Segment Start: Extracted information

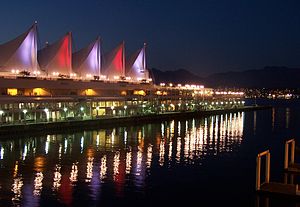 - π Canada Place, 999 Canada Pl (northwest of Waterfront station). Built for Expo 86 as Canada's exhibit, today the building serves as a cruise ship terminal and the eastern building of Vancouver Convention Centre. It is also the site of an IMAX theatre and the luxurious Pan Pacific Hotel. Walk around the unique sailed structure and take in views of the building itself, Coal Harbour, and the North Shore. It uses white colour with a roof of funky "sails" or "waves", which is a curved triangular shape, that has made it a modern gem.
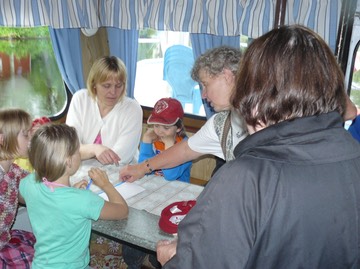 Arpa-asiakkaana Elina Ahlqvist pikkuväen kera. Kauppiaina Eeva Rantanen (selin) ja Sirkka Mäenpää.
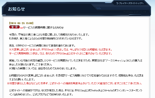 攻撃は6月19日から行われており、現在も断続的に行われている状況。PSO2については6月注の再開を目指すが、スマートフォン版「PSO2es」はまだ対応に時間がかかるという。
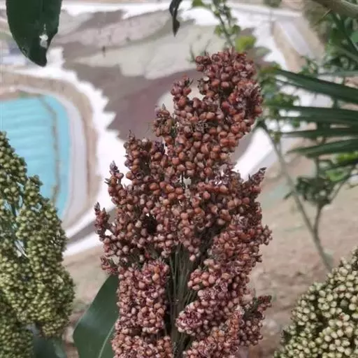 高粱(Sorghum bicolor (L.) Moench)禾本科一年生草本植物。秆较粗壮,直立,基部节上具支撑根。叶鞘无毛或稍有白粉;叶舌硬膜质,先端圆,边缘有纤毛。圆锥花序疏松,主轴裸露,总梗直立或微弯曲;雄蕊3枚,花药长约3毫米;子房倒卵形;花柱分离,柱头帚状。颖果两面平凸,淡红色至红棕色,熟时宽2.5-3毫米,顶端微外露。有柄小穗的柄长约2.5毫米,小穗线形至披针形,花果期6-9月。
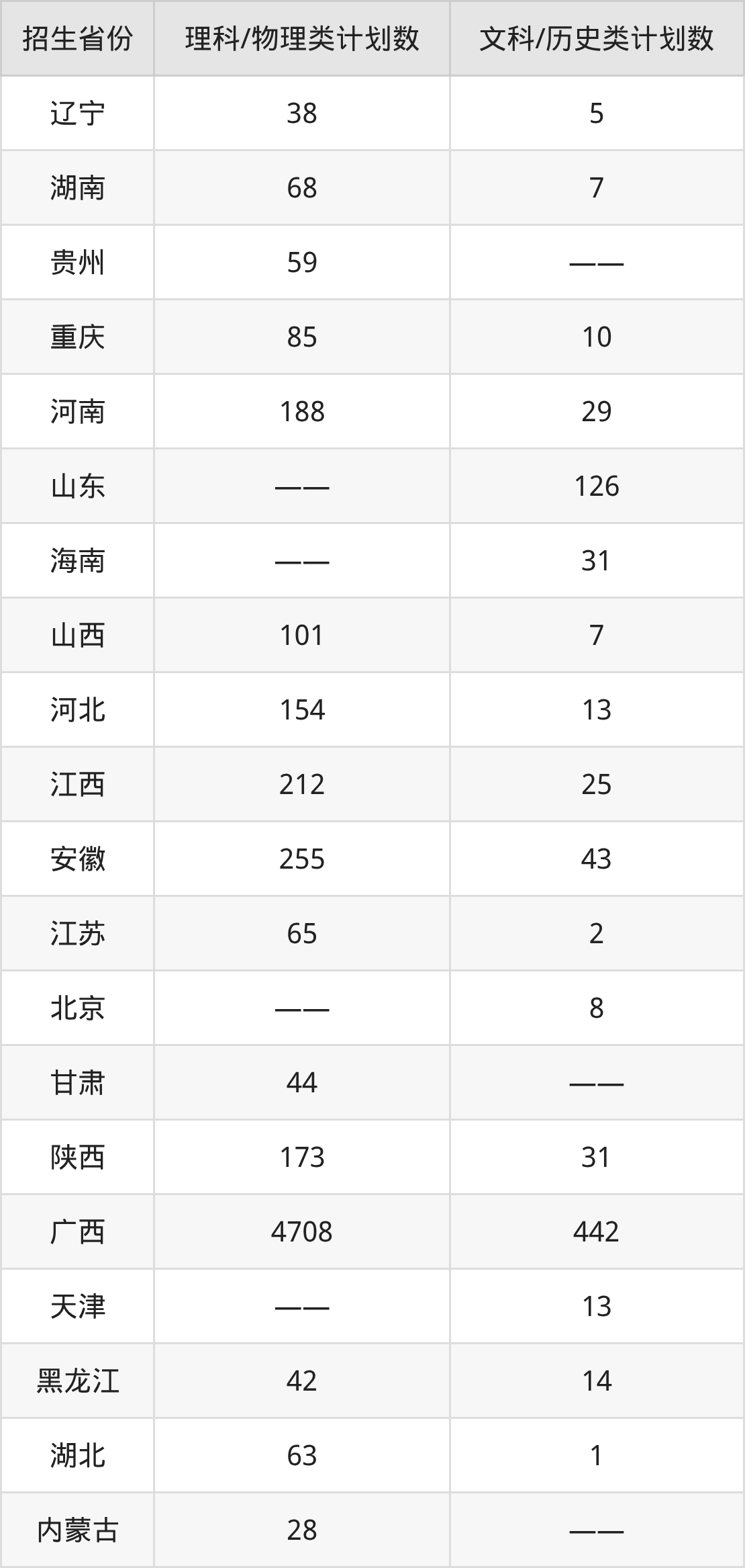 分省招生计划:
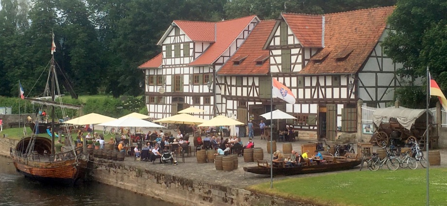 Wanfried – Eines der schönsten Ausflugslokale in Nordhessen ist sicherlich die Hafengaststätte „Zur Schlagd“ in Wanfried. Direkt an der Werra und dem Werratal-Radweg gelegen, ist es schon fast ein Muss hier eine Rast zu machen. Das Restaurant und Ausflugslokal, welches sich nur wenige Meter von der Werra befindet, bietet seinen Gästen neben hervorragenden, meist regionalen Speisen zudem ein besonderes Erlebnis.

Segment End: Extracted information

## Goal of the exercise
All records, pictures excluded: copy them exactly.

## Written solution
 - π Canada Place, 999 Canada Pl (northwest of Waterfront station). Built for Expo 86 as Canada's exhibit, today the building serves as a cruise ship terminal and the eastern building of Vancouver Convention Centre. It is also the site of an IMAX theatre and the luxurious Pan Pacific Hotel. Walk around the unique sailed structure and take in views of the building itself, Coal Harbour, and the North Shore. It uses white colour with a roof of funky "sails" or "waves", which is a curved triangular shape, that has made it a modern gem.
 Arpa-asiakkaana Elina Ahlqvist pikkuväen kera. Kauppiaina Eeva Rantanen (selin) ja Sirkka Mäenpää.
 攻撃は6月19日から行われており、現在も断続的に行われている状況。PSO2については6月注の再開を目指すが、スマートフォン版「PSO2es」はまだ対応に時間がかかるという。
 高粱(Sorghum bicolor (L.) Moench)禾本科一年生草本植物。秆较粗壮,直立,基部节上具支撑根。叶鞘无毛或稍有白粉;叶舌硬膜质,先端圆,边缘有纤毛。圆锥花序疏松,主轴裸露,总梗直立或微弯曲;雄蕊3枚,花药长约3毫米;子房倒卵形;花柱分离,柱头帚状。颖果两面平凸,淡红色至红棕色,熟时宽2.5-3毫米,顶端微外露。有柄小穗的柄长约2.5毫米,小穗线形至披针形,花果期6-9月。
 分省招生计划:
 Wanfried – Eines der schönsten Ausflugslokale in Nordhessen ist sicherlich die Hafengaststätte „Zur Schlagd“ in Wanfried. Direkt an der Werra und dem Werratal-Radweg gelegen, ist es schon fast ein Muss hier eine Rast zu machen. Das Restaurant und Ausflugslokal, welches sich nur wenige Meter von der Werra befindet, bietet seinen Gästen neben hervorragenden, meist regionalen Speisen zudem ein besonderes Erlebnis.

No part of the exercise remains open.